Ta "inna" firma oferowała panele Bruk Bet BEM 370W i falownik .... Spirvent. Słyszałem o jakichś problemach tej firmy ale nie zagłębiałem się w to już, gdyż cena na poziomie 19 tysięcy była dla mnie zbyt duża jak za moc ok. 3 kW.
To, że Solartime ma branie to tylko świadczy o dobrym marketingu. Na "Fejsie" siedzi ich kobita i ciągle zachwala. Coś w tym jest. Ceny w porównaniu z dwiema innymi firmami, od których miałem możliwość wycenić instalację, wychodziły wysokie.
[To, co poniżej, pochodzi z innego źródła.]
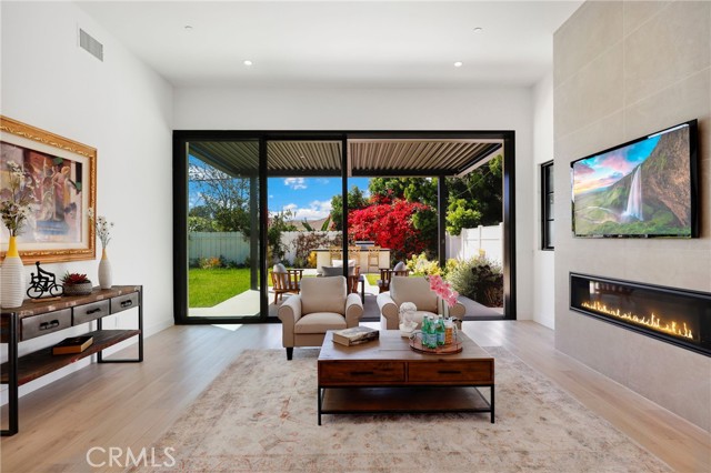 Step into the newly built single-story custom home at 20171 Bayview Ave., boasting an elegant floorplan, lofty ceilings, and sophisticated designer touches throughout. A grand 10-foot entry door ushers you into living spaces adorned with 12-foot ceilings. The kitchen features a substantial island with seating, complemented by custom Aranelli Italian cabinets and top-tier Wolf Subzero appliances including a range, refrigerator/freezer, wine cooler, and double stacked ovens (totaling four ovens) ideal for hosting large gatherings. A cozy fireplace graces the family room, while a 10-foot tall pocket door seamlessly integrates indoor and outdoor spaces, flooding the interiors with natural light. Outdoors, a concrete patio, rain sensor-equipped patio cover with remote-controlled Louvers, and a built-in barbecue island with fire pit invite entertaining. Each bedroom boasts 10-foot ceilings and custom closets. The luxurious master bathroom offers a spa-like retreat with custom tile work, dual sinks, a soaking tub, and a walk-in shower featuring Kohler plumbing fixtures. Additional features include dual-zone HVAC, designer lighting fixtures, 8-foot interior doors with designer hardware, and solar panels. Situated in an award-winning school district, moments from the Back Bay and playgrounds, and a short drive to South Coast Plaza and Fashion Island for premier dining and shopping. Easy access to the 405, 73, and 55 freeways completes this exceptional Newport Beach lifestyle offering.
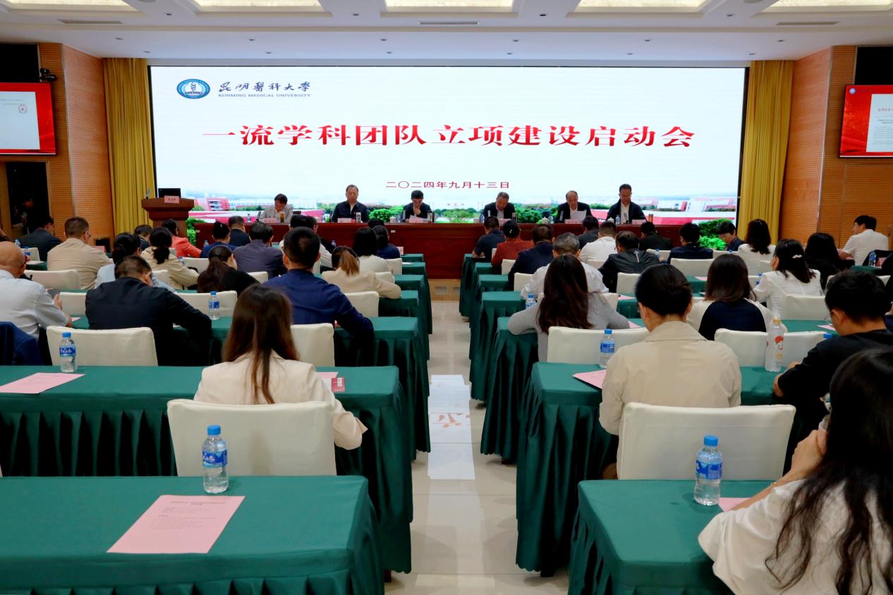 9月13日,昆明医科大学一流学科团队立项建设启动会在呈贡校区召开。学校党委书记尹向阳,校长夏雪山,党委常委、第一附属医院党委书记周佳,副校长解保生,党委常委、副校长殷建忠、陆地,相关职能部门主要负责人,各学院和直属附属医院党政主要负责人,首批立项建设的学科团队负责人参加会议。
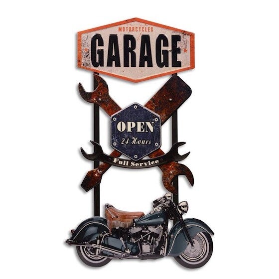 Leuk groot tekstbord gemaakt van tin met de tekst: "Motorcycle garage".
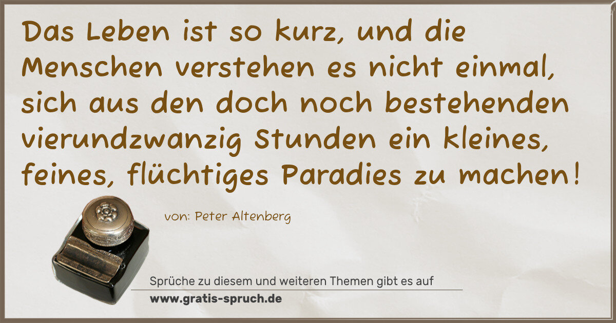 »Das Leben ist so kurz, und die Menschen verstehen es nicht einmal, sich aus den doch noch bestehenden vierundzwanzig Stunden ein kleines, feines, flüchtiges Paradies zu machen!
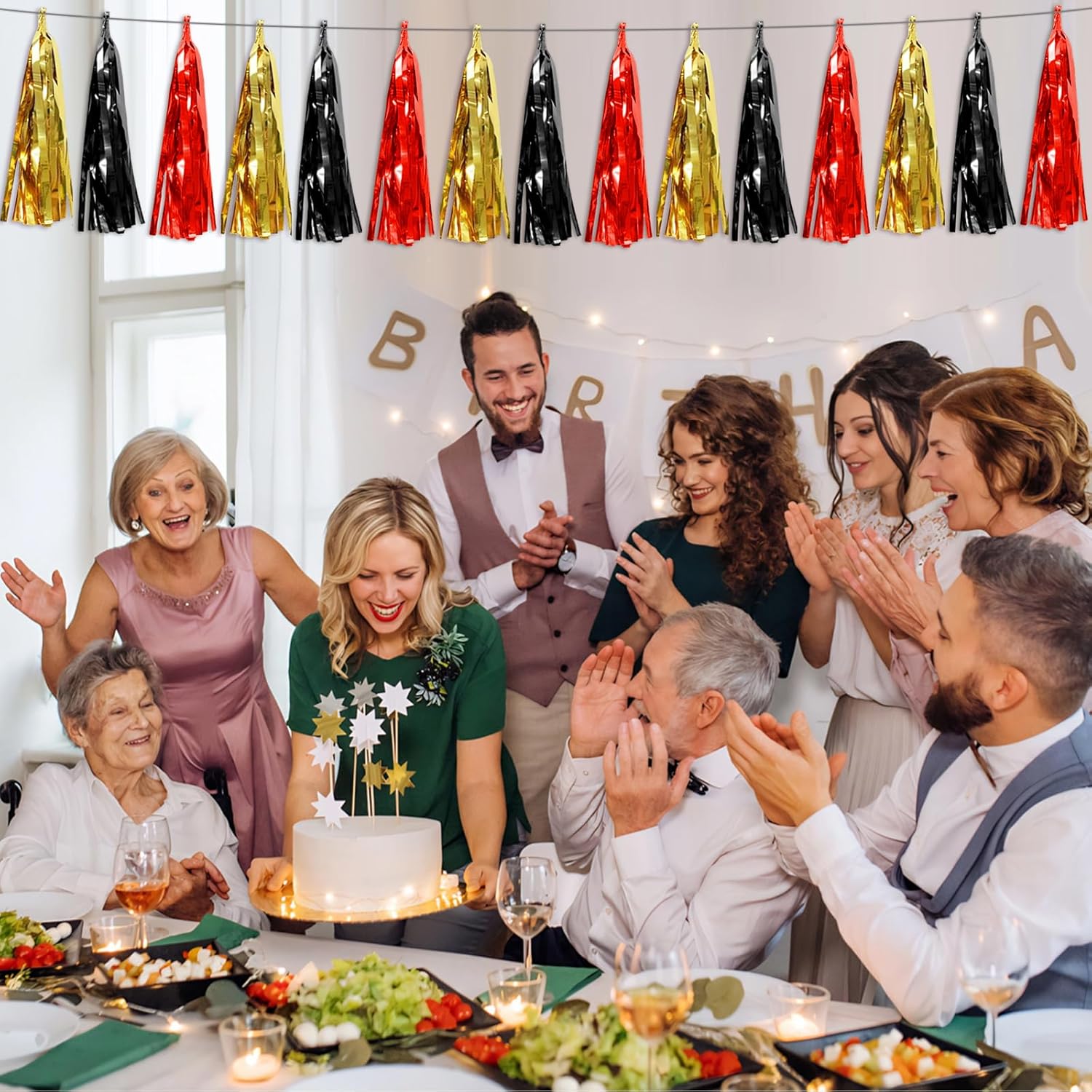 • 【Black Red Gold Party Supplies Set】: The total length of the black red gold birthday tassels banner is 29.5 feet 45tassels, divided into 3 strips, each 9.8 feet long. Each banner contains 15 tassels, and each tassel measures 14 inches, for birthday decorations many occasions, and so on
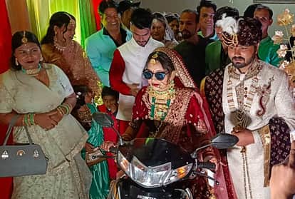 शादी में दुल्हन की ग्रैंड एंट्री: दूल्हे को स्कूटी पर बैठाकर पहुंची मंडप, लोगों ने की फूलों की बारिश
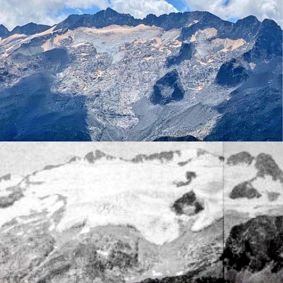 Glacera de l'Aneta (Maladeta) l'any 2021 i el 1857
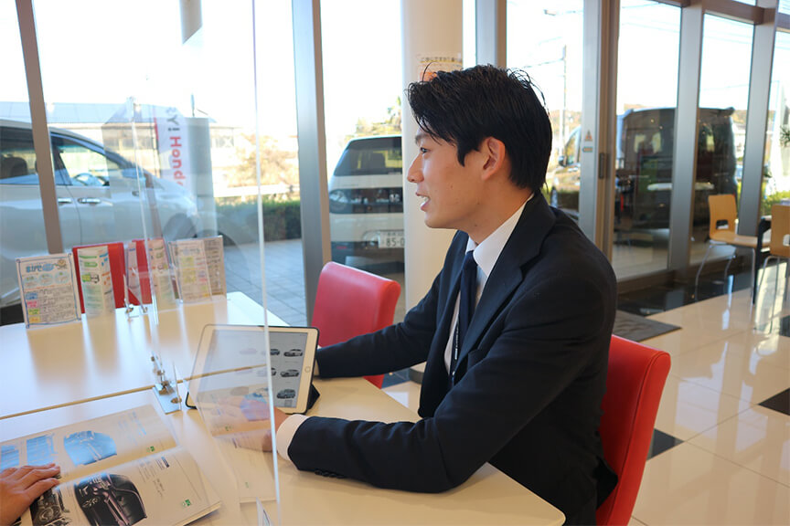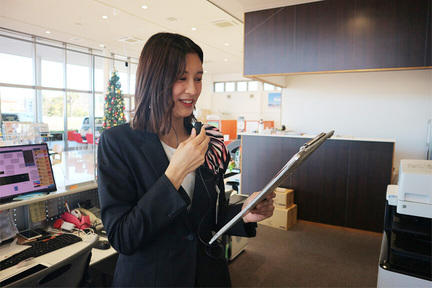車の知識は全くなかったのですが、人と関わる仕事に興味もあり入社したのがきっかけです。私自身、元々人見知りがあるほうでしたが、前職で大阪で仕事をしていた時期に人との関わり方の変化もあって、現在まで頑張れたと思います。
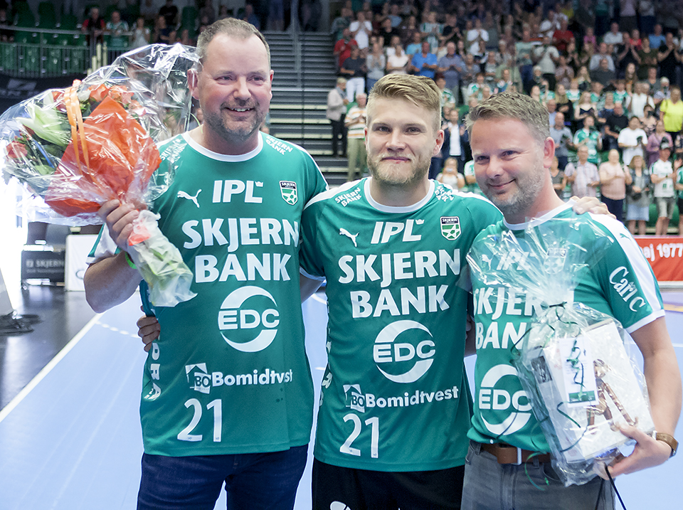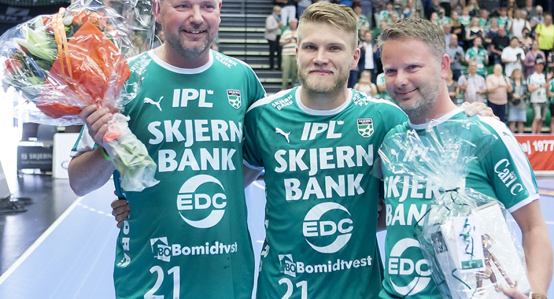 René Rasmussen og Bjarke Christensen blev hyldet i Skjern Bank Arena før gårsdagens kamp.
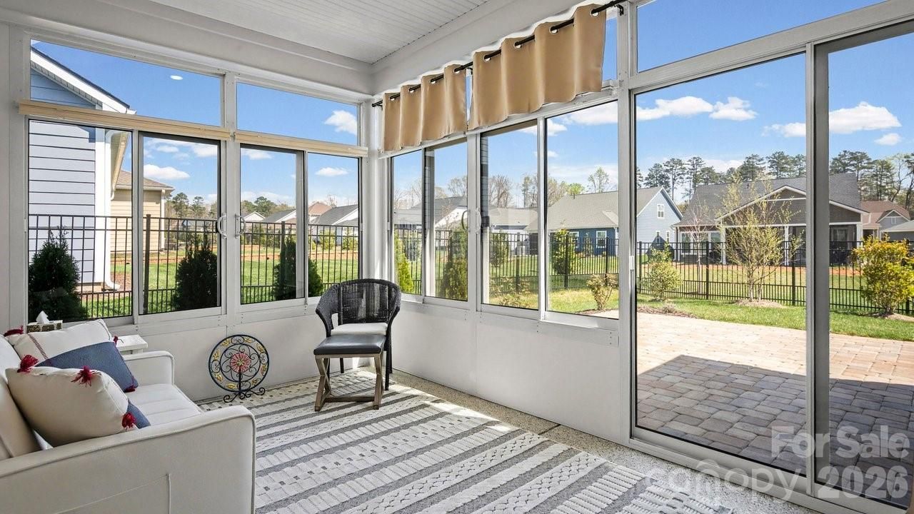 This truly custom bungalow has been thoughtfully designed with a meticulous attention to detail. Barely lived in, this home features an exceptional culinary haven with top end Jenn air appliances and anchors the main living area. SS 6 burner gas cooktop, wall oven and convection microwave, warming drawer, refrigerator, Quartz countertops, pendant lighting, light craftsman style cabinetry w/soft close drawers, tile back splash, under cabinet lighting & island serving bar. Open concept Glory offers a split 2BR, 2B plan, flex space, crown molding throughout plus an added bonus, peaceful 3 season sunroom that flows onto the paver patio and rear fenced yard with unobstructed views adding additional entertaining options. Serene master suite includes an ensuite bath with dual sink vanity, tile floor & a generous custom walk-in custom closet & tiled shower. Low maintenance wood & tile flooring throughout (no carpet). Guest bedroom features a murphy bed for convenance and adjoining bath. Large laundry room includes washer & dryer along w/additional cabinetry. Attached 2 Car garage for added storage options. Trilogy Membership includes Freedom Boat Club on Lake Norman plus award winning amenities
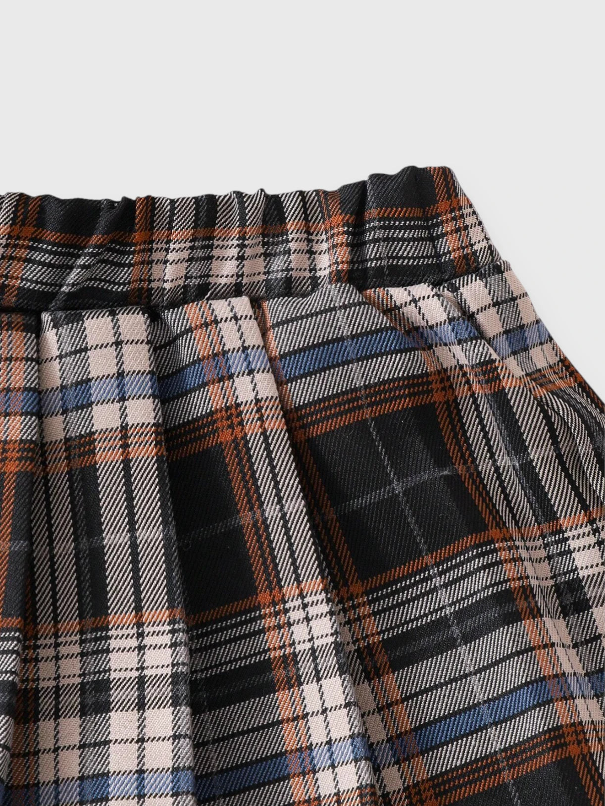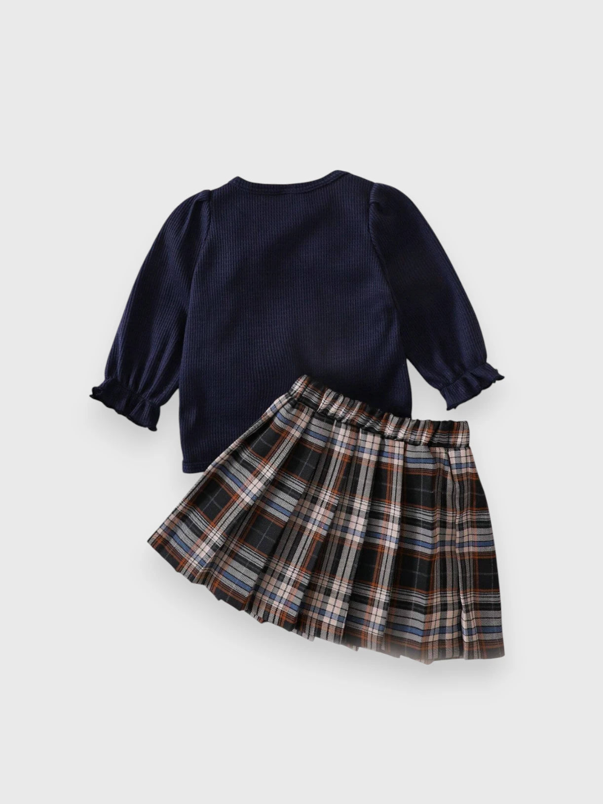 Charming 2-piece baby girl preppy bear set featuring a cozy bow-applique cardigan paired with a classic plaid skirt, perfect for a sweet and stylish look.

Zresztą napisałem to wcześniej.

----------


## jacek.1971

Też poszukuje firm z terenu Śląska proszę o pomoc w wyborze , potrzebuje instalacje  od 6,5 do 6,9 kwh

----------


## jacek.1971

Jest tu pare osób na forum ze śląskiego, proszę o pomoc w wyborze firmy

----------


## damijot

> Mateusz121 Twoje wypowiedzi śmierdzą trolem , z kilometra czuć że dla nich pracujesz lub masz jakiś interes w reklamie. marcinbbb niestety miał rację, najlepiej popytaj lokalnych wykonawców lub poproś o namiary i opinie sąsiadów którzy już instalacje mają zamontowaną


Z całym szacunkiem, to że ktoś jest 'lokalnym' wykonawcą, nie oznacza, że robi dobrze, często małe firmy robią instalacje budżetowe, źle uziemione oraz montaże niezgodne z obecnie panującymi przepisami - nie mówiąc o tym, że fakt panele i inwertery kupują ok, bo na to klienci zwracają uwagę, ale konstrukcje to często jakieś nie porozumienie, a warunkiem odwołania się o gwarancje do producenta jest dobrze wykonany montaż.. a to wszystko ponieważ mają tylko podstawowe szkolenia - a większość zwinie się za kilka miesięcy z rynku max 2-3 lat z rynku, a mają wejść przepisy mówiące o serwisach instalacji i wtedy znowu trzeba kogoś szukać.

----------


## tobiasz86

Ja nie twierdzę że lokalny wykonawca jest najlepszy ale takiego można zweryfikować chociażby przyglądnąć się inwestycji którą właśnie wykonuje...

----------


## r19

Hymon Energy.... cały wątek usunięty.... cenzura i kasa rządzi....  :smile:

----------


## Kaizen

> Ja nie twierdzę że lokalny wykonawca jest najlepszy ale takiego można zweryfikować chociażby przyglądnąć się inwestycji którą właśnie wykonuje...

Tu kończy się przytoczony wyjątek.